Horses Used in WWI

QUESTION: What horses were used in World War I?

ANSWER: The following information comes from THE HISTORY AND ROMANCE OF THE HORSE, by David Alexander.

Most of the info talks about pre-WW1, but this statement is prophetic...

"A plethora of romantic nonsense has been written about the Civil War. None
of it is more nonsensical than the claim that the Rebel cavalry was so formidable because every gray-clad trooper rode a Thoroughbred or blooded Hackney, while the Federal forces jogged to battle on plowhorses. At the time there weren't enough Thoroughbreds and blooded Hackneys in the South, America, or the world to mount the Southern cavalry. It is true the "Jeb" Stuart expressed a preference for Thoroughbreds...."

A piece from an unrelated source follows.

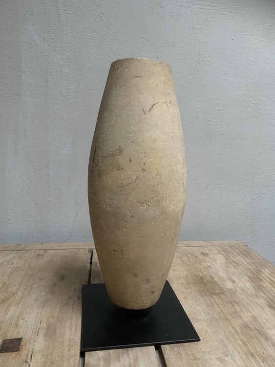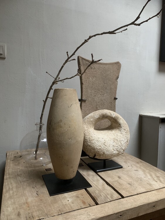 A Bactrian biconvex stone idol. Alongside column and staff idols these intriguing objects belong to the Bactria-Margana culture. An ancient civilization dating between the 3th and 4th millennium BC and occupying a large area between India and Afghanistan. It is believed objects like this were of spiritual importance referring to nature and fertility. This fascinating example is quite unusual in its shape and reminiscent to modernist sculpture (or the other way around). It has 2 custom stands, one for vertical and one for horizontal display.
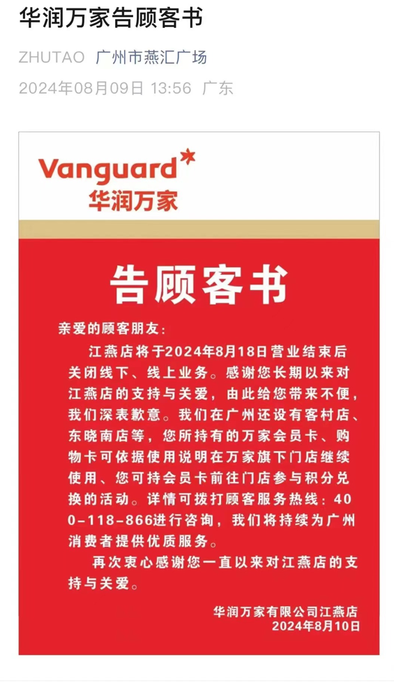 网友2:华润万家很早就转战居民区中型商超、网上超市,关闭几个大场也很正常。

And "Both Southern and Northern cavalrymen rode virtually the same types of horses that troopers had ridden in most wars--meaning all types."

Regarding WWI, these references were noted...

Next to a photograph "Uhlan units, mounted on their dark-coated German Coacher type horses, were still factors during the early days of WWI."

And "Uhlans wearing spiked helmets and carrying pennoned lances rode into Belgium on dark-coated Coachers in 1914, but there was little cavalry action on the Western Front in the First World War, although the Russians made extensive use of Cossack regiments on the Eastern Front even after the slaughter at Tannenberg. The British shipped 6,000 horses to France with their first divisions...but eventually returned them to England and replaced them with mules. The mule was the war horse of WWI when the conflict of mud-mired attrition developed. The grand old cavalryman, Charles Scott, who would become commander of the armored force in WWII, was charged with supplying the American Expeditionary Force with mules when we joined the Allies in 1917."